PsA of the spine shares similarities with ankylosing spondylitis, another type of inflammatory arthritis primarily affecting the spine and large joints. Both of these conditions are autoimmune diseases caused by the HLA-B27 gene. HLA-B27 is the gene that predisposes people to several autoimmune diseases.  

There are other genes associated with PsA but HLA-B27 is the highest predictor of this condition. But not everyone with this gene will develop PsA.

Other Risk Factors

  • Psoriasis: Having psoriasis is another strong risk factor for PsA. Psoriasis is an inflammatory skin disease that causes skin to regenerate too quickly, resulting in red patchy skin with silvery scales.
  • Family history: Many people with PsA have another family member with the condition, usually a parent or sibling.
  • Age: While PsA can affect anyone of any age, new diagnoses tend to appear in adults between ages 30 and 50.


A diagnosis of psoriatic spondylitis starts with a physical examination, including skin symptoms, and looking at a person’s medical history. The doctor may request X-rays or an MRI of the spine. X-rays generally look for abnormalities of the spine and sacroiliac joints. An MRI (magnetic resonance imaging) can offer a closer look at the joints.

Bloodwork can determine if someone carries the HLA-B27 gene. The presence of this gene, along with imaging and symptoms, generally confirms a diagnosis.


Minor pain, stiffness and other symptoms of psoriatic spondylitis can be managed with NSAIDs (non-steroidal anti-inflammatory drugs). Additionally, corticosteroids may help with bringing down inflammation and reducing pain. Some are available in pill form or as a cream and can be prescribed by a doctor. Others are available as an injection and can only be administered by a doctor.

For moderate to severe disease, treatment is aimed at targeting inflammation, reducing symptoms, preventing deformities, and halting disease progression. This includes anything from disease-modifying anti-rheumatic drugs (DMARDs), i.e. methotrexate and biologic DMARDs, i.e. Cosentyx. Other biologics are tumor necrosis factor (TNF) inhibitors, such as Humira and Remicade. TNF is a chemical in the body that produces inflammation.

Physical and occupational therapy are also recommended for protecting joints maintaining function and range of motion.
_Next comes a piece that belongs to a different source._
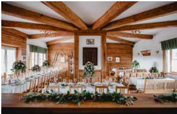
Tischanordnung bis 50 Personen

Sie Heiraten zwischen 26. Oktober und 15. April und die Saalmiete entfällt

Some lifestyle changes that lessen the pain of psoriatic spondylitis include:

  • Exercise: Stretching may keep the spine from being stiff and going into a permanent curvature.
  • Not smoking: Smoking can promote joint damage in the bones of the spine. Not smoking will reduce the effect of inflammation on the spine.
  • Good posture: Pain makes a person want to bend over, causing more strain to the spine. Practicing good posture can keep the spine from taking on a slumped appearance.

A Word From Verywell

Living with psoriatic spondylitis can be stressful, so it is important for people with this condition to take the steps necessary to manage their symptoms and maintain a good quality of life. It is also important to educate themselves about their illness, symptoms, and treatment needs. Moreover, they should take a proactive role in living a healthy lifestyle. Last, it is vital to seek out support and avoid people and things that cause stress and negatively affect health.